(Collected data entries)
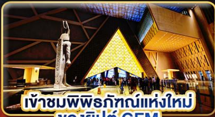
เข้าชมพิพิธภัณฑ์แห่งใหม่ ของอียิปต์ GEM

📅 เดินทาง 21-29 ต.ค. | 02-10 ธ.ค. 68 | 30 - 07 ม.ค. 69
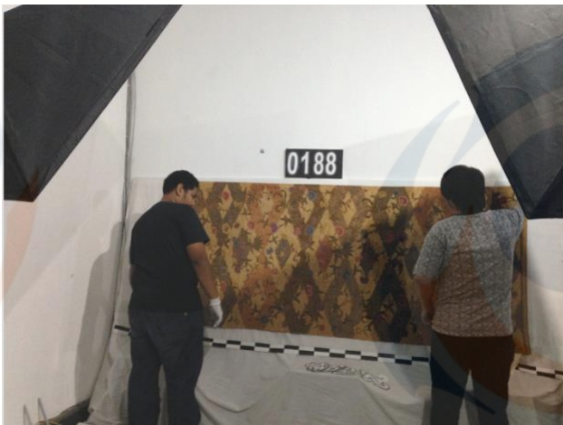
Gambar 9 Pemotretan Kain Batik Pekalongan oleh Mahasiswa Prodi Desain Komunikasi Visual
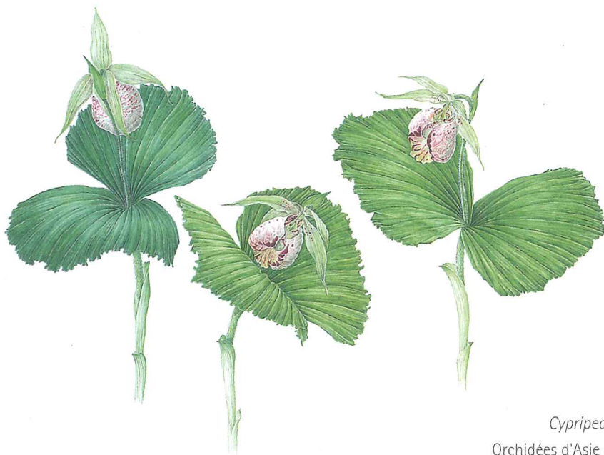
Cypripedium japonicum : Orchidées d'Asie de l'Est présente au Japon, en Corée et en Chine.

des Peignes-de-Vénus 17 . Il joue alors plus fort de sa flûte, aussitôt Écho lui répond. Cypripédien maintenant cabriole, soufflant lèvres posées aux roseaux collés de cire.
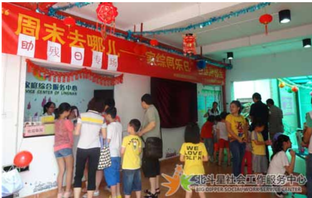
助残日活动现场

本网讯（徐镒婵）为了使社区居民更了解残康人士，进一步加强社区居民之间的交流，岭南街家庭综合服务中心 5 月 24 日中心操场为社区居民开展“家综同乐日”之助残日专场活动，使社区居民透过摊位游戏对残康人士的生活况有更多的了解，拉近居民与残康人士之间的距离。
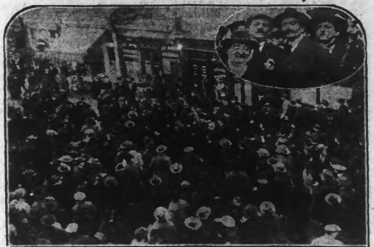
A l'occasion de la venue, hier, à Lille, de M. MALVY, les camelots du roi ont provoqué d'assez violentes bagarres, au cours desquelles cinq agents furent blessés et plusieurs arrestations opérées...
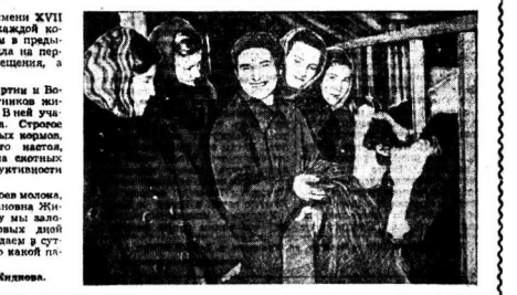
Текст и фото А. Жидкова.
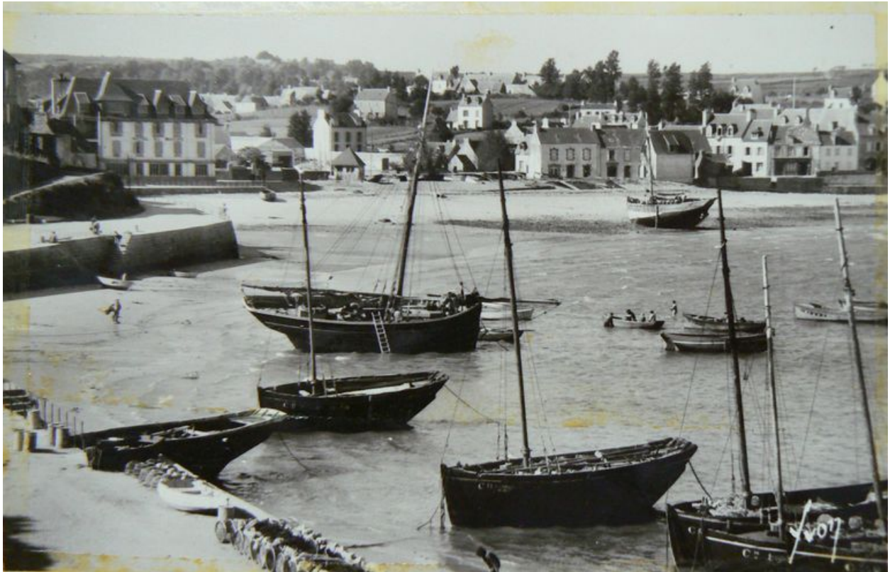
Vue ancienne du front portuaire de Morgat
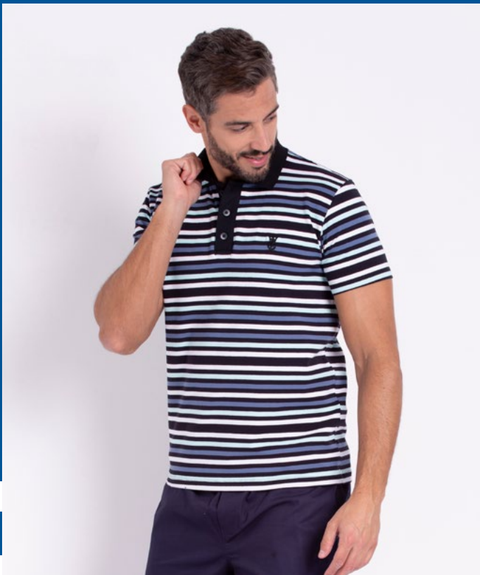
Camiseta Polo Street Cotton Ligth Listrado 97% Algodão 3% Elastano Tam.: P ao GG Ref.: 3365
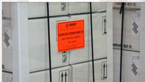
APPLICAZIONE SU PALLET FORMATO A5
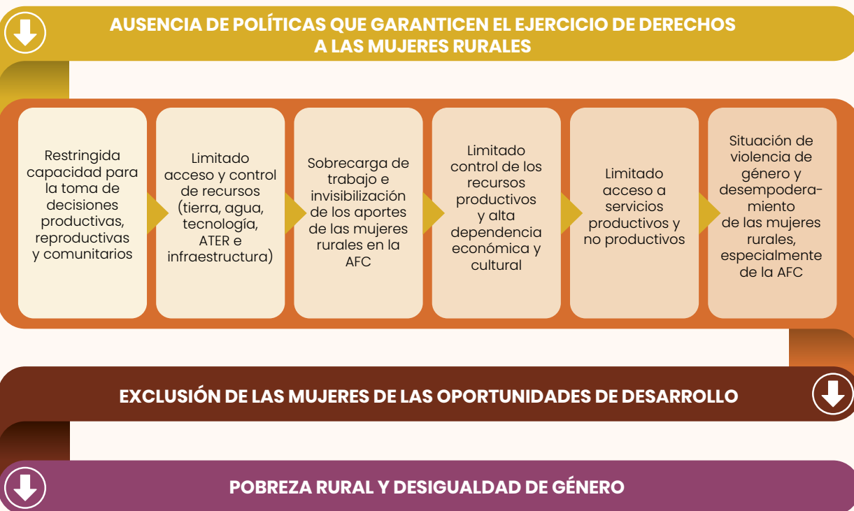
Gráfico 3.: Barreras de género que afectan a las mujeres rurales del sector agropecuario
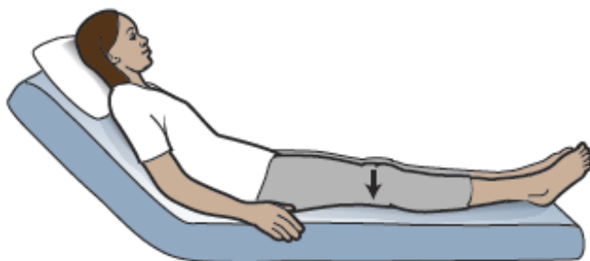
图 2. 股四头肌动作组
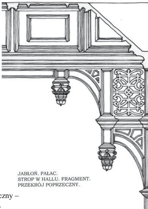
JABŁOŃ. PAŁAC. STROP W HALLU. FRAGMENT. PRZEKRÓJ POPRZECZNY.
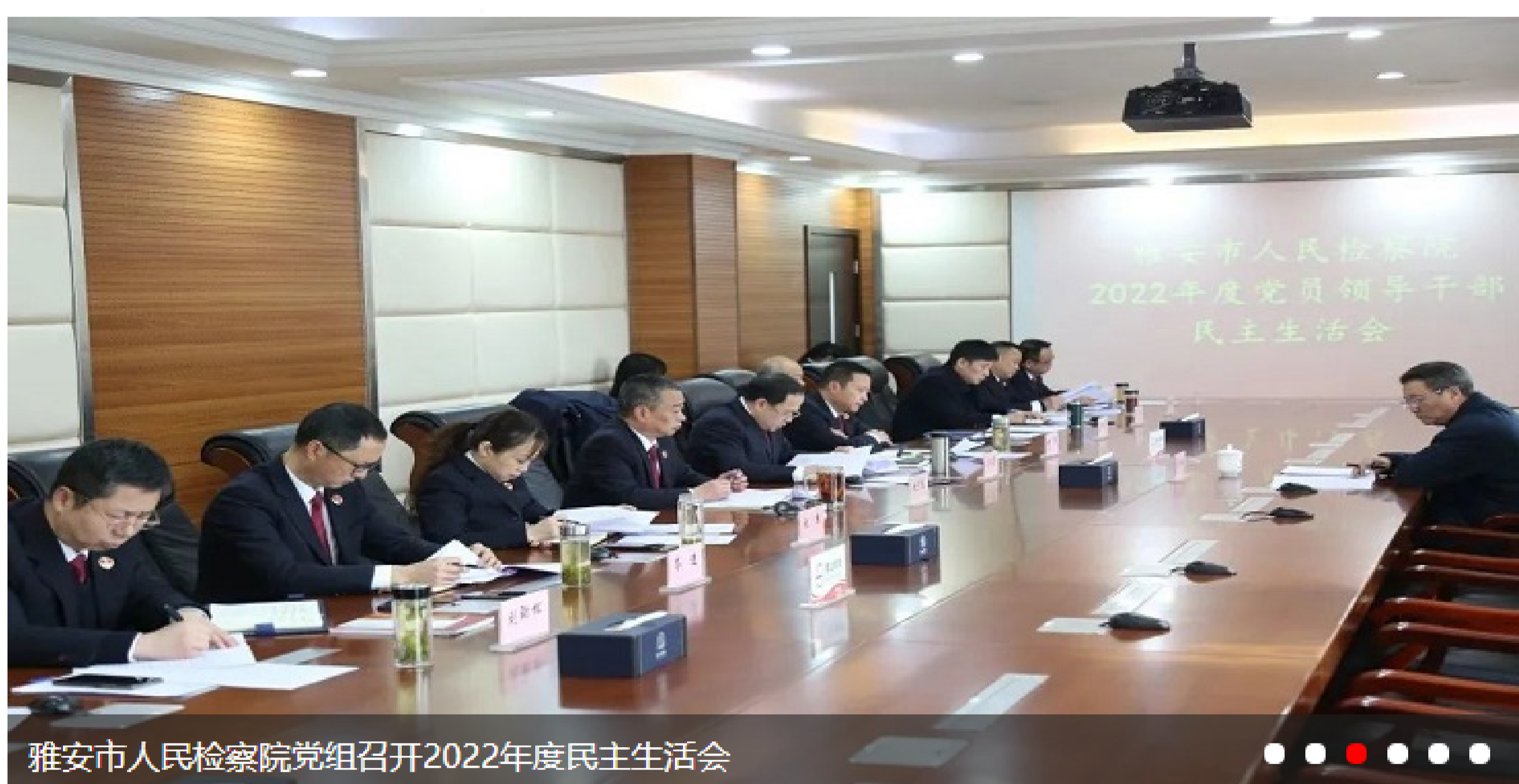
雅安市人民检察院党组召开2022年度民主生活会
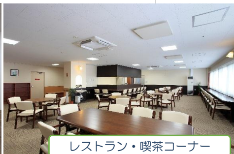
レストラン・喫茶コーナー
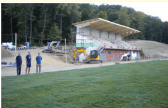
○ V ŠRC Cerkvenjak igrišče dobiva travo
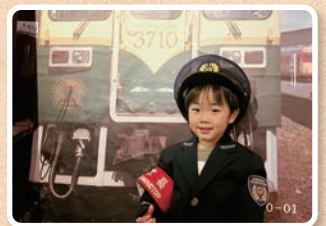
こども制服撮影会
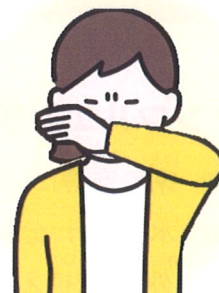
うでの内側で 口と鼻をおおう
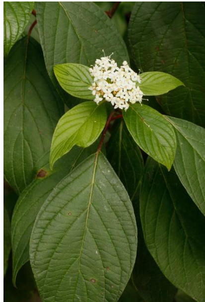
Schirmtraube mit cremeweissen Einzelblüten, Kronblätter klein (2-4 mm)
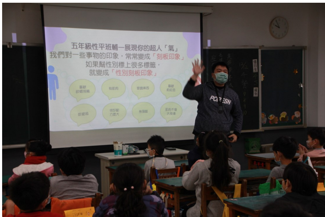
相片說明：入班宣導-多元性別氣質
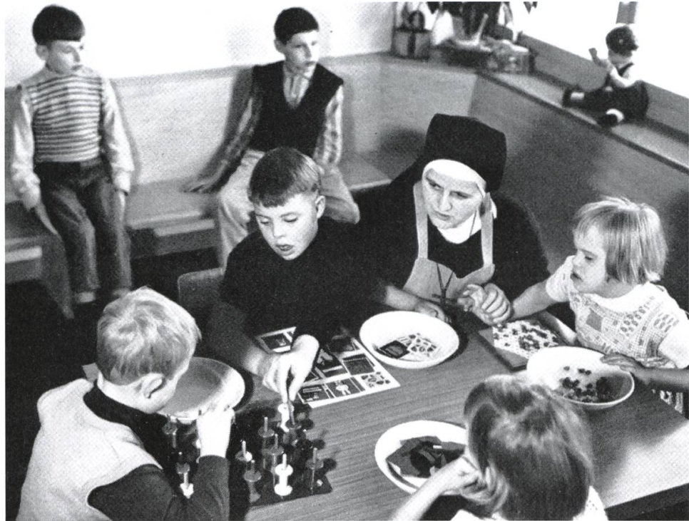
In der Schule.

Eindrücklich wurden die kirchlichen Feste gefeiert. Die hohen Festtage, besonders Weihnachten und Ostern, Erstkommunion und Firmung wurden intensiv vorbereitet und gestaltet. Der Josefstag (19. März) war das eigentliche Hausfest.
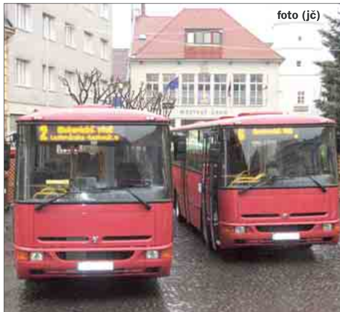
Nové autobusy boli pristavené na Mierovom námestí v piatok 16. decembra popoludní. V tejto dobe bolo možné si prezrieť interiér autobusov.

mil. Sk bez DPH, čo činí spolu takmer 23 miliónov.
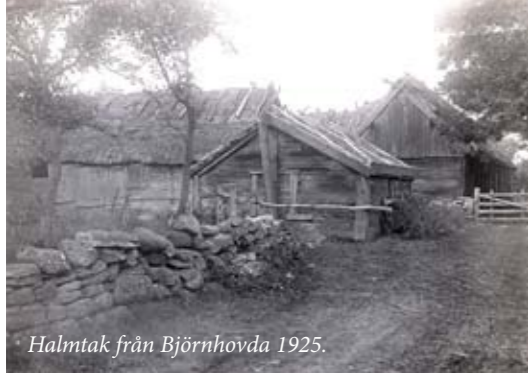
Halmtak från Björnhovda 1925.

▼ Också på fastlandet var halmtak under en period det vanligaste tak-täckningsmaterialet på ladugårdar. Ebbetorp utanför Kalmar 1925.
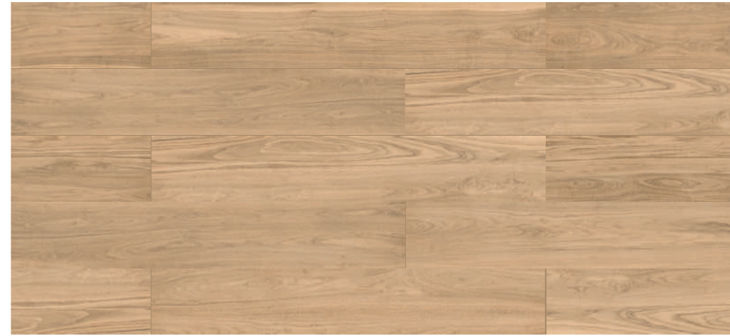
Variação visual | Shade Variation | Variación de tono Scene BE 26x160 / 10x63"
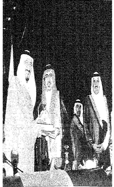
الأمير سلمان بن محمد فيصل السيف مع التكرم شركة العبد للتشيبة الراعية للحفل
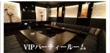
VIPパーティールーム

*Problem to work on:*
Nothing but the records above, retyped exactly and stripped of images, should appear in the answer.

*Response below:*
เข้าชมพิพิธภัณฑ์แห่งใหม่ ของอียิปต์ GEM

📅 เดินทาง 21-29 ต.ค. | 02-10 ธ.ค. 68 | 30 - 07 ม.ค. 69
Gambar 9 Pemotretan Kain Batik Pekalongan oleh Mahasiswa Prodi Desain Komunikasi Visual
Cypripedium japonicum : Orchidées d'Asie de l'Est présente au Japon, en Corée et en Chine.

des Peignes-de-Vénus 17 . Il joue alors plus fort de sa flûte, aussitôt Écho lui répond. Cypripédien maintenant cabriole, soufflant lèvres posées aux roseaux collés de cire.
助残日活动现场

本网讯（徐镒婵）为了使社区居民更了解残康人士，进一步加强社区居民之间的交流，岭南街家庭综合服务中心 5 月 24 日中心操场为社区居民开展“家综同乐日”之助残日专场活动，使社区居民透过摊位游戏对残康人士的生活况有更多的了解，拉近居民与残康人士之间的距离。
A l'occasion de la venue, hier, à Lille, de M. MALVY, les camelots du roi ont provoqué d'assez violentes bagarres, au cours desquelles cinq agents furent blessés et plusieurs arrestations opérées...
Текст и фото А. Жидкова.
Vue ancienne du front portuaire de Morgat
Camiseta Polo Street Cotton Ligth Listrado 97% Algodão 3% Elastano Tam.: P ao GG Ref.: 3365
APPLICAZIONE SU PALLET FORMATO A5
Gráfico 3.: Barreras de género que afectan a las mujeres rurales del sector agropecuario
图 2. 股四头肌动作组
JABŁOŃ. PAŁAC. STROP W HALLU. FRAGMENT. PRZEKRÓJ POPRZECZNY.
雅安市人民检察院党组召开2022年度民主生活会
レストラン・喫茶コーナー
○ V ŠRC Cerkvenjak igrišče dobiva travo
こども制服撮影会
うでの内側で 口と鼻をおおう
Schirmtraube mit cremeweissen Einzelblüten, Kronblätter klein (2-4 mm)
相片說明：入班宣導-多元性別氣質
In der Schule.

Eindrücklich wurden die kirchlichen Feste gefeiert. Die hohen Festtage, besonders Weihnachten und Ostern, Erstkommunion und Firmung wurden intensiv vorbereitet und gestaltet. Der Josefstag (19. März) war das eigentliche Hausfest.
Nové autobusy boli pristavené na Mierovom námestí v piatok 16. decembra popoludní. V tejto dobe bolo možné si prezrieť interiér autobusov.

mil. Sk bez DPH, čo činí spolu takmer 23 miliónov.
Halmtak från Björnhovda 1925.

▼ Också på fastlandet var halmtak under en period det vanligaste tak-täckningsmaterialet på ladugårdar. Ebbetorp utanför Kalmar 1925.
Variação visual | Shade Variation | Variación de tono Scene BE 26x160 / 10x63"
الأمير سلمان بن محمد فيصل السيف مع التكرم شركة العبد للتشيبة الراعية للحفل
VIPパーティールーム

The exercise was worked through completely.